STORED DATA:
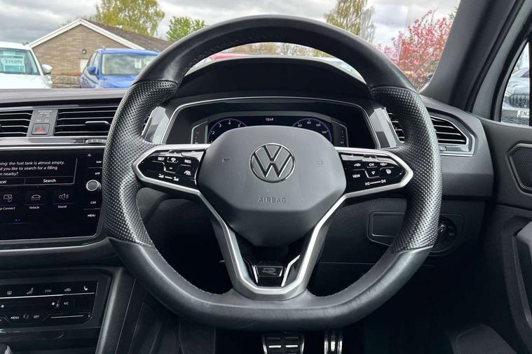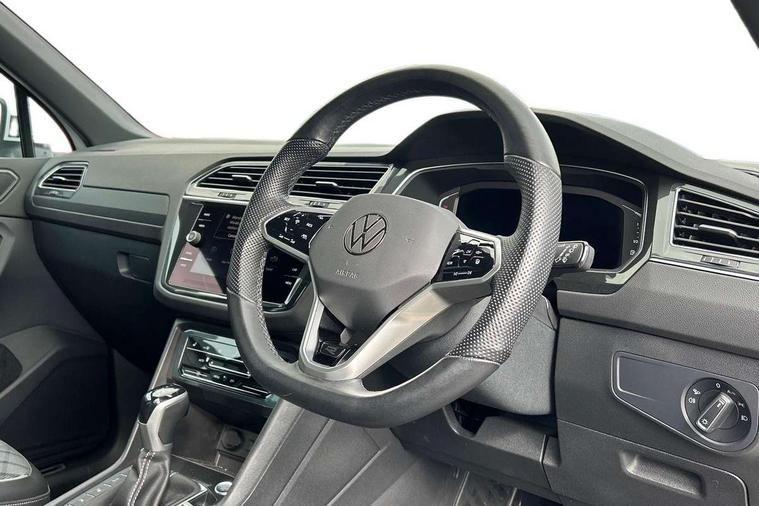 Adaptive cruise control ACC stop and go including speed limiter, App-Connect incl. App-Connect Wireless for Apple CarPlay and Android Auto, Bluetooth phone integration system, Distance control assist, Driver alert system, Driver profile selection, Dynamic road sign display, eCall emergency call system, Electromechanical speed sensitive power steering, Engine start/stop button, Lane keeping system Lane Assist, Lights on warning, Multifunction front facing camera, Outside temperature display, Premium multifunction display with multi colour display, Remote control boot opening, Rev counter, Revision / skills operating concept travel assistant, Service interval indicator, Speed limit display, Start/stop system with regenerative braking, Trip computer, Warning sound and light for doors and tailgate open, All wheel drive - 4Motion, Battery regeneration during braking, XDS electronic differential lock for improved traction and handling, 4 X 20 watt output, 8 Speakers, Diversity antenna for FM reception, Radio, SD card slot, Simultaneous pairing of 2 compatible mobile devices, SMS functionality - read, compose and send SMS messages using touch-screen display, Title and cover art display, USB C ports, Auto dimming interior rear view mirror, Automatic headlight control system, Body colour door handles, Chrome moldings on the side windows, Coming/leaving home lighting function, Dynamic headlight range control, Front and rear electric windows, Heated rear window, High level 3rd brake light, Laminated safety glass windshield, heat and sound insulating, LED headlamps with LED separate daytime running light and dynamic cornering light, LED rear combination lamps, LED rear number plate lights, License plate carrier in front and rear, Poor weather light and cornering light, R Line body kit, R Line side sills, Rain sensor windscreen wipers, Rear exhaust tailpipe, Rear fog lamp, Rear side wing doors, Rear spoiler in R style, Rear windscreen washer and wiper with interval delay, Side and rear windows in heat insulating glass, Trailer Stability Programme, Unique R Line badging, Windscreen wipers/ intermittent wipe + 4 position delay, 12V outlet in center console rear and in luggage compartment, 12V outlet in front and tray, 2 cup holders in front, 2 LED front reading lights, 2 LED rear reading lights, 3 bench rear seats in 2nd row, 3 rear headrests, 4 load lashing points, 40:20:40 split folding rear seats, Air Care Climatronic 3 zone automatic climate control with enhanced air filter and controls in the rear, Backrest release for left front seat, Black headlining, Brushed stainless steel pedals and footrest, Carpet mats in front and rear with decorative stitching in Gray, Climate control unit rear with touch function, Door and side trim panel in foam film, insert in leatherette, Front centre armrest, Front footwell illumination, Front seats head restraints (x-adjustment), Height adjustable front seats, Height/reach adjust steering wheel, Instrument lighting white adjustable panel illumination, Interior light with delay, Isofix Preparation 2 Rear child seats, Leather gear knob, Lockable cooled glovebox, Luggage compartment lighting, Luggage net, Rear bench seat asymetrically split folding, longitudinally movable and folding with load-through hatch and center armrest, Remote unlocking for rear seat backrest, Removable luggage cover, Removable rear headrests, Safety optimised front head restraints, Single front passenger seat, Sliding/reclining rear seats, Standard rear seat release, Storage compartment in driver's door, Storage compartment in passenger's door, Storage compartment in rear doors, Storage compartments in luggage area left and right, Storage tray on dashboard, Sun visors with illuminated vanity mirrors, Top front comfort seats, Variable boot floor, height adjustable and removable, Driver assistance pack plus - Tiguan DSG, 3 point seat belt for centre rear seats, 3 point seat belts with seat belt pretensioners for the outer rear seats, Active bonnet, Curtain airbags for front and rear passengers, Driver/Front Passenger airbags, Drivers knee airbag, Electronic parking brake with auto hold, Electronic Stability Control with driver steering recommendation, ABS, ASR, EDL, EDTC and trailer stabilization, Front assist with autonomous emergency braking (for Adaptive Cruise Control ACC up to 130 mph), Front disc brakes, Front passenger airbag deactivation, Front side airbags, Height adjustable front 3 point seatbelts + pretensioners, Hill hold control, Manual child proof rear door locks, Pedestrian monitoring system, Power assisted brakes, Proactive passenger protection system in combination with front assist, Rear disc brakes, Rigid safety cell with front and rear crumple zones, Two tone horn, Warning sound and light for front seat belts if unfastened, Anti theft alarm system with interior monitoring, backup horn and towing protection, Anti theft wheel bolts, Electronic engine immobiliser, Tool kit,
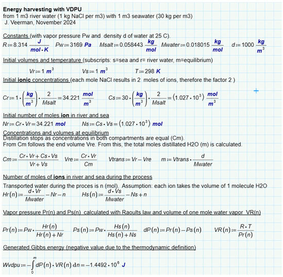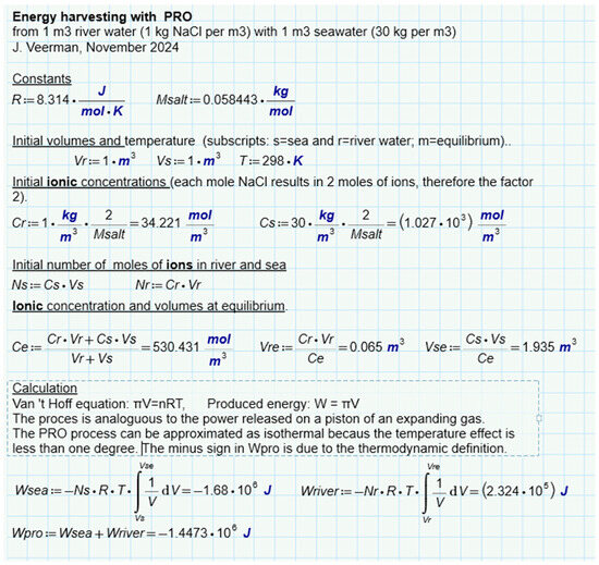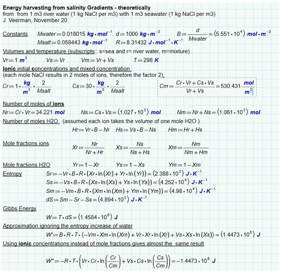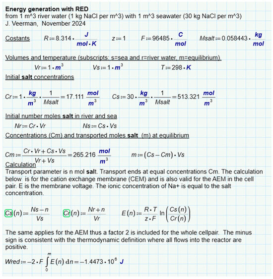 The calculation is presented in Figure 7. It follows that 1.4485 MJ is available due to the increase in entropy from ions and water. If only water is considered, this amount is a little less (1.4473 MJ). In this approach, the ideality of the solutions is assumed. Post et al. corrected these values for the nonideal behavior of the solutions and found that 88% of the ideal value is available in reality [41]. The same authors also performed batch processes with RED with two types of spacers (0.2 mm and 0.5 mm). In these experiments, most of the calculated energy was harvested, especially at low current densities where reversibility is best approximated. Figure 6e shows the results and from the regression lines, a recovery at extreme low current density is expected at about 85% of the available energy.
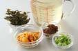 乾燥アオサは水で柔らかく戻してザルに上げ、水気を絞る。(干しワカメの場合は水で柔らかく戻して水気を絞り、長い場合はザク切りにする)

WHAT THE TASK REQUIRES:
Write out the listing above exactly, images omitted.

ANSWER AREA:
 Adaptive cruise control ACC stop and go including speed limiter, App-Connect incl. App-Connect Wireless for Apple CarPlay and Android Auto, Bluetooth phone integration system, Distance control assist, Driver alert system, Driver profile selection, Dynamic road sign display, eCall emergency call system, Electromechanical speed sensitive power steering, Engine start/stop button, Lane keeping system Lane Assist, Lights on warning, Multifunction front facing camera, Outside temperature display, Premium multifunction display with multi colour display, Remote control boot opening, Rev counter, Revision / skills operating concept travel assistant, Service interval indicator, Speed limit display, Start/stop system with regenerative braking, Trip computer, Warning sound and light for doors and tailgate open, All wheel drive - 4Motion, Battery regeneration during braking, XDS electronic differential lock for improved traction and handling, 4 X 20 watt output, 8 Speakers, Diversity antenna for FM reception, Radio, SD card slot, Simultaneous pairing of 2 compatible mobile devices, SMS functionality - read, compose and send SMS messages using touch-screen display, Title and cover art display, USB C ports, Auto dimming interior rear view mirror, Automatic headlight control system, Body colour door handles, Chrome moldings on the side windows, Coming/leaving home lighting function, Dynamic headlight range control, Front and rear electric windows, Heated rear window, High level 3rd brake light, Laminated safety glass windshield, heat and sound insulating, LED headlamps with LED separate daytime running light and dynamic cornering light, LED rear combination lamps, LED rear number plate lights, License plate carrier in front and rear, Poor weather light and cornering light, R Line body kit, R Line side sills, Rain sensor windscreen wipers, Rear exhaust tailpipe, Rear fog lamp, Rear side wing doors, Rear spoiler in R style, Rear windscreen washer and wiper with interval delay, Side and rear windows in heat insulating glass, Trailer Stability Programme, Unique R Line badging, Windscreen wipers/ intermittent wipe + 4 position delay, 12V outlet in center console rear and in luggage compartment, 12V outlet in front and tray, 2 cup holders in front, 2 LED front reading lights, 2 LED rear reading lights, 3 bench rear seats in 2nd row, 3 rear headrests, 4 load lashing points, 40:20:40 split folding rear seats, Air Care Climatronic 3 zone automatic climate control with enhanced air filter and controls in the rear, Backrest release for left front seat, Black headlining, Brushed stainless steel pedals and footrest, Carpet mats in front and rear with decorative stitching in Gray, Climate control unit rear with touch function, Door and side trim panel in foam film, insert in leatherette, Front centre armrest, Front footwell illumination, Front seats head restraints (x-adjustment), Height adjustable front seats, Height/reach adjust steering wheel, Instrument lighting white adjustable panel illumination, Interior light with delay, Isofix Preparation 2 Rear child seats, Leather gear knob, Lockable cooled glovebox, Luggage compartment lighting, Luggage net, Rear bench seat asymetrically split folding, longitudinally movable and folding with load-through hatch and center armrest, Remote unlocking for rear seat backrest, Removable luggage cover, Removable rear headrests, Safety optimised front head restraints, Single front passenger seat, Sliding/reclining rear seats, Standard rear seat release, Storage compartment in driver's door, Storage compartment in passenger's door, Storage compartment in rear doors, Storage compartments in luggage area left and right, Storage tray on dashboard, Sun visors with illuminated vanity mirrors, Top front comfort seats, Variable boot floor, height adjustable and removable, Driver assistance pack plus - Tiguan DSG, 3 point seat belt for centre rear seats, 3 point seat belts with seat belt pretensioners for the outer rear seats, Active bonnet, Curtain airbags for front and rear passengers, Driver/Front Passenger airbags, Drivers knee airbag, Electronic parking brake with auto hold, Electronic Stability Control with driver steering recommendation, ABS, ASR, EDL, EDTC and trailer stabilization, Front assist with autonomous emergency braking (for Adaptive Cruise Control ACC up to 130 mph), Front disc brakes, Front passenger airbag deactivation, Front side airbags, Height adjustable front 3 point seatbelts + pretensioners, Hill hold control, Manual child proof rear door locks, Pedestrian monitoring system, Power assisted brakes, Proactive passenger protection system in combination with front assist, Rear disc brakes, Rigid safety cell with front and rear crumple zones, Two tone horn, Warning sound and light for front seat belts if unfastened, Anti theft alarm system with interior monitoring, backup horn and towing protection, Anti theft wheel bolts, Electronic engine immobiliser, Tool kit,
 The calculation is presented in Figure 7. It follows that 1.4485 MJ is available due to the increase in entropy from ions and water. If only water is considered, this amount is a little less (1.4473 MJ). In this approach, the ideality of the solutions is assumed. Post et al. corrected these values for the nonideal behavior of the solutions and found that 88% of the ideal value is available in reality [41]. The same authors also performed batch processes with RED with two types of spacers (0.2 mm and 0.5 mm). In these experiments, most of the calculated energy was harvested, especially at low current densities where reversibility is best approximated. Figure 6e shows the results and from the regression lines, a recovery at extreme low current density is expected at about 85% of the available energy.
 乾燥アオサは水で柔らかく戻してザルに上げ、水気を絞る。(干しワカメの場合は水で柔らかく戻して水気を絞り、長い場合はザク切りにする)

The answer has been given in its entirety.